──────── Records for this task

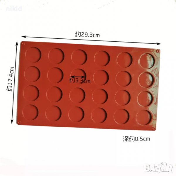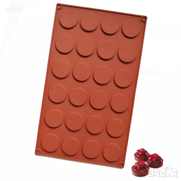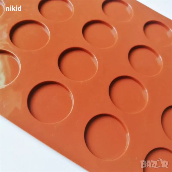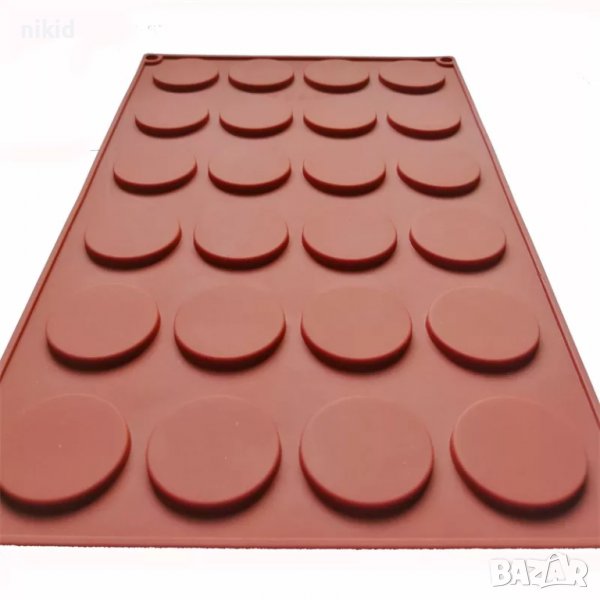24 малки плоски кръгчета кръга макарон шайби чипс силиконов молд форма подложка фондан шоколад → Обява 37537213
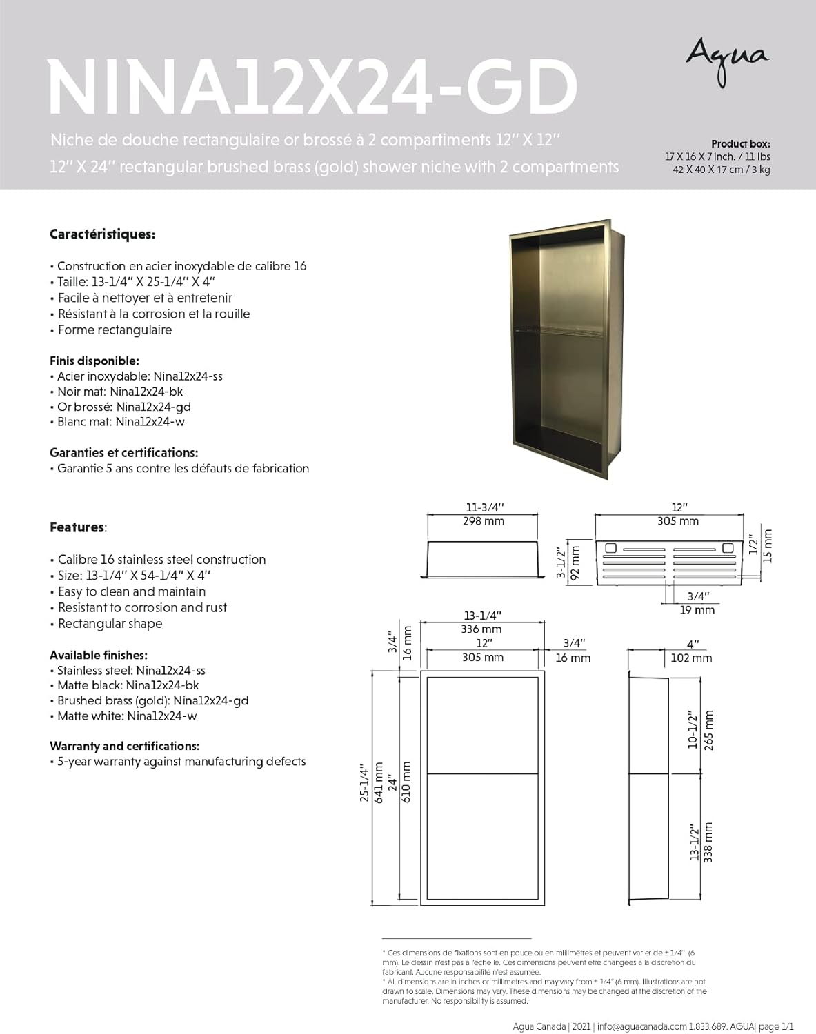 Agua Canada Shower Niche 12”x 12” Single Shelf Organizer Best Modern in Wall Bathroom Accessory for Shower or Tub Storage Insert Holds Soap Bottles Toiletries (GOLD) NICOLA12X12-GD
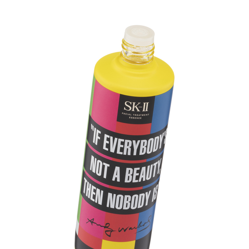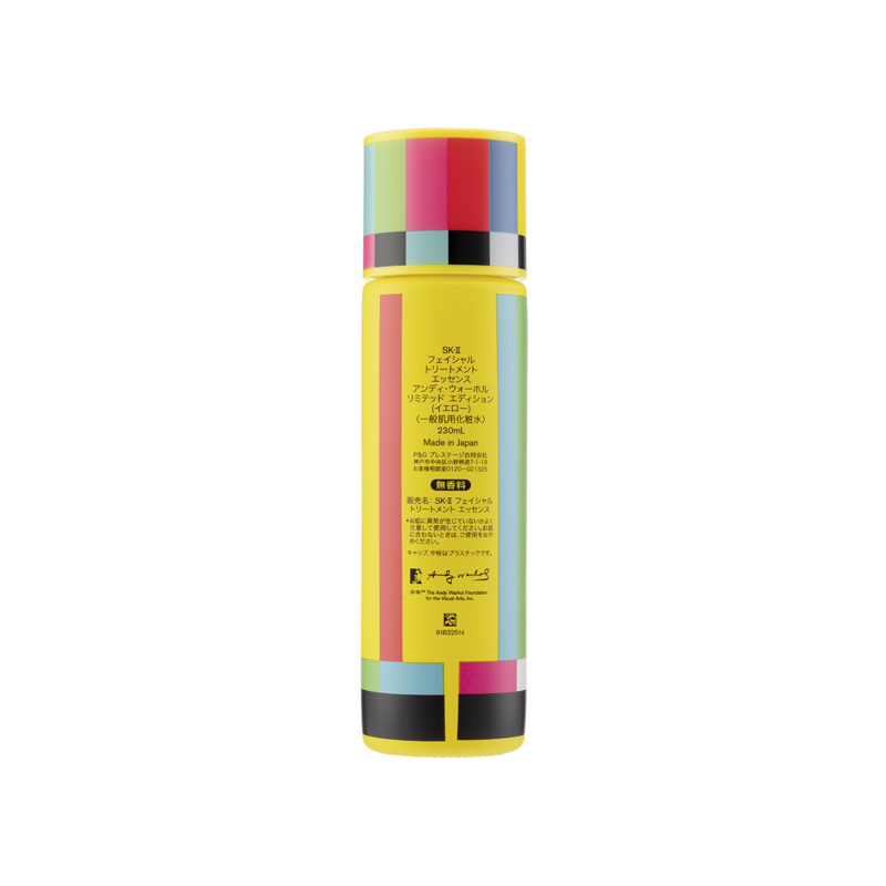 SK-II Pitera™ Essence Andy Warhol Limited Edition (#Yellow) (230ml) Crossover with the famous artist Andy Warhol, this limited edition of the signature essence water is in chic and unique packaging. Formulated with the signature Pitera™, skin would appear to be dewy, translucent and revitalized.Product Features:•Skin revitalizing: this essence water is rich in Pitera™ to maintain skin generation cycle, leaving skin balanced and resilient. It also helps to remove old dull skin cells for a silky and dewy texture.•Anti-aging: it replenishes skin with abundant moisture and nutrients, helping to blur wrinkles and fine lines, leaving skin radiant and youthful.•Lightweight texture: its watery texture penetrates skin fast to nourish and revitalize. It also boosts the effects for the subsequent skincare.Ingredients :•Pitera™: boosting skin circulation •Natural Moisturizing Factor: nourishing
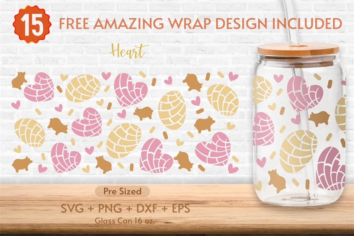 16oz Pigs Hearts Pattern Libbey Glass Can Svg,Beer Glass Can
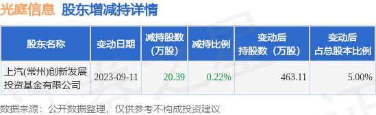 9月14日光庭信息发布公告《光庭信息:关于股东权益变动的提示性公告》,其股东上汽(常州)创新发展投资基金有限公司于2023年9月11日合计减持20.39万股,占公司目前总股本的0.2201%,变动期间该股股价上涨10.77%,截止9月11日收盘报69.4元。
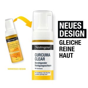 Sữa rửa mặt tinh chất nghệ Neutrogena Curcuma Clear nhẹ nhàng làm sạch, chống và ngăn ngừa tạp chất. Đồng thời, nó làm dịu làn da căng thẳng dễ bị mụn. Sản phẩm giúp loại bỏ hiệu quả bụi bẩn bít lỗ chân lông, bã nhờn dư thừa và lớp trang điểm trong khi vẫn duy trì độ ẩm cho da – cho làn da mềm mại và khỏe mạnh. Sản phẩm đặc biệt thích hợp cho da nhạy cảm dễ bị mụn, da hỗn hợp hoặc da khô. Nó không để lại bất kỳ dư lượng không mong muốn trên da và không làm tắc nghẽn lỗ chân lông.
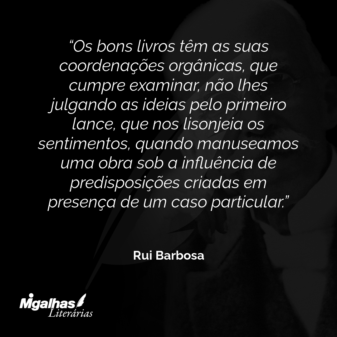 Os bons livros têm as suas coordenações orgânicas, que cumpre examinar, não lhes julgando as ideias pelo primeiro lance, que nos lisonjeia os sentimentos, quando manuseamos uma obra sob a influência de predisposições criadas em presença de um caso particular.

────────────────
──────── Records for this task

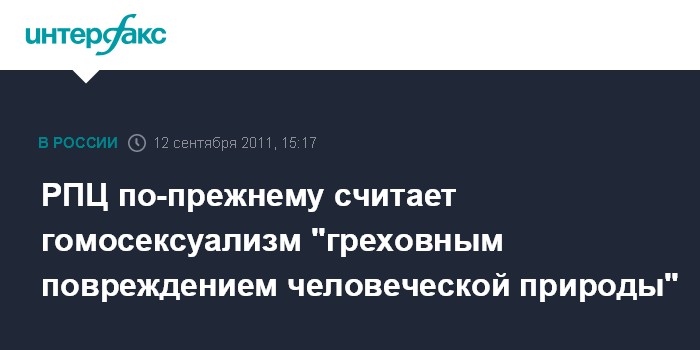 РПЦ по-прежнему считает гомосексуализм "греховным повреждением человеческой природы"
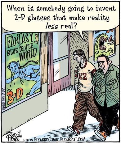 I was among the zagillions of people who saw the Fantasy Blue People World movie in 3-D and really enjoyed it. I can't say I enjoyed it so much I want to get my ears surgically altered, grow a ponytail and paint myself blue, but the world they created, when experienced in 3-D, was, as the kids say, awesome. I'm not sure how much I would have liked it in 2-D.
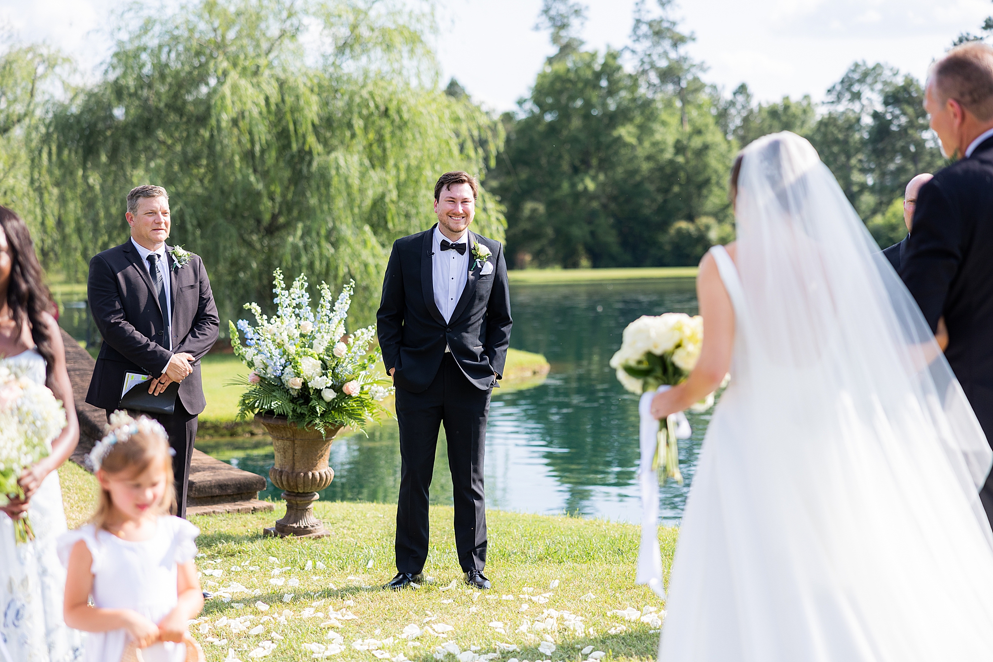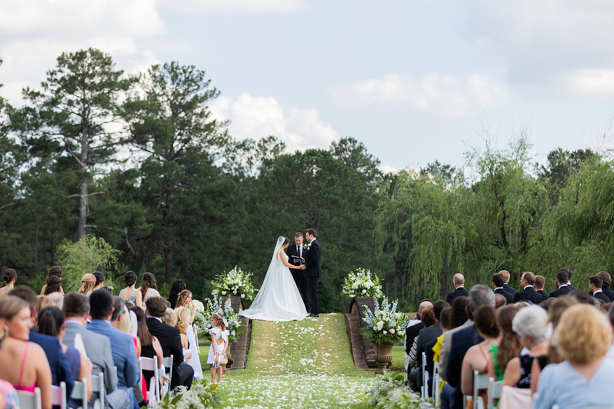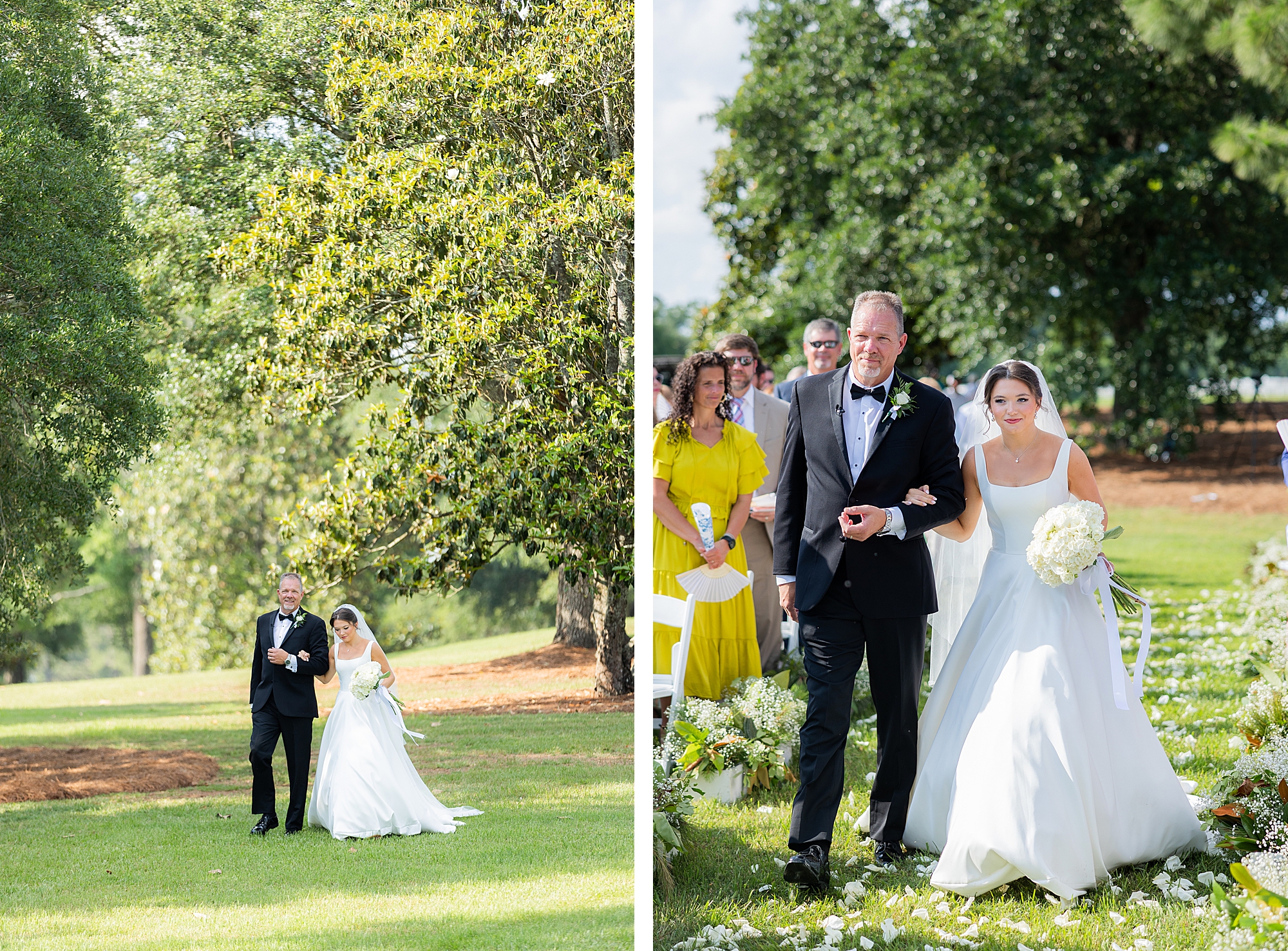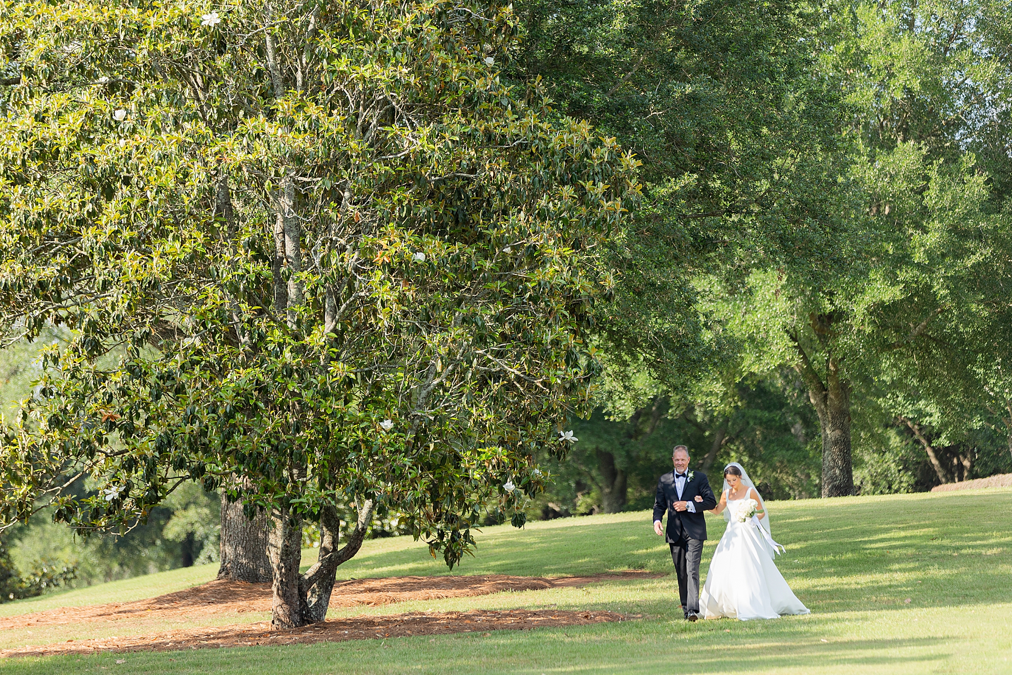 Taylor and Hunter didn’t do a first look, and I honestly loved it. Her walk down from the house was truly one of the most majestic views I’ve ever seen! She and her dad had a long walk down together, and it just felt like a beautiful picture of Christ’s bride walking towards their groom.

────────────────

• Work to be completed: In the entries above, find the line that contains "Sữa rửa mặt" and the line that contains "Os bons livros". Reproduce exactly those two lines and every line between them, but not the pictures.

• Worked solution:
 Sữa rửa mặt tinh chất nghệ Neutrogena Curcuma Clear nhẹ nhàng làm sạch, chống và ngăn ngừa tạp chất. Đồng thời, nó làm dịu làn da căng thẳng dễ bị mụn. Sản phẩm giúp loại bỏ hiệu quả bụi bẩn bít lỗ chân lông, bã nhờn dư thừa và lớp trang điểm trong khi vẫn duy trì độ ẩm cho da – cho làn da mềm mại và khỏe mạnh. Sản phẩm đặc biệt thích hợp cho da nhạy cảm dễ bị mụn, da hỗn hợp hoặc da khô. Nó không để lại bất kỳ dư lượng không mong muốn trên da và không làm tắc nghẽn lỗ chân lông.
 Os bons livros têm as suas coordenações orgânicas, que cumpre examinar, não lhes julgando as ideias pelo primeiro lance, que nos lisonjeia os sentimentos, quando manuseamos uma obra sob a influência de predisposições criadas em presença de um caso particular.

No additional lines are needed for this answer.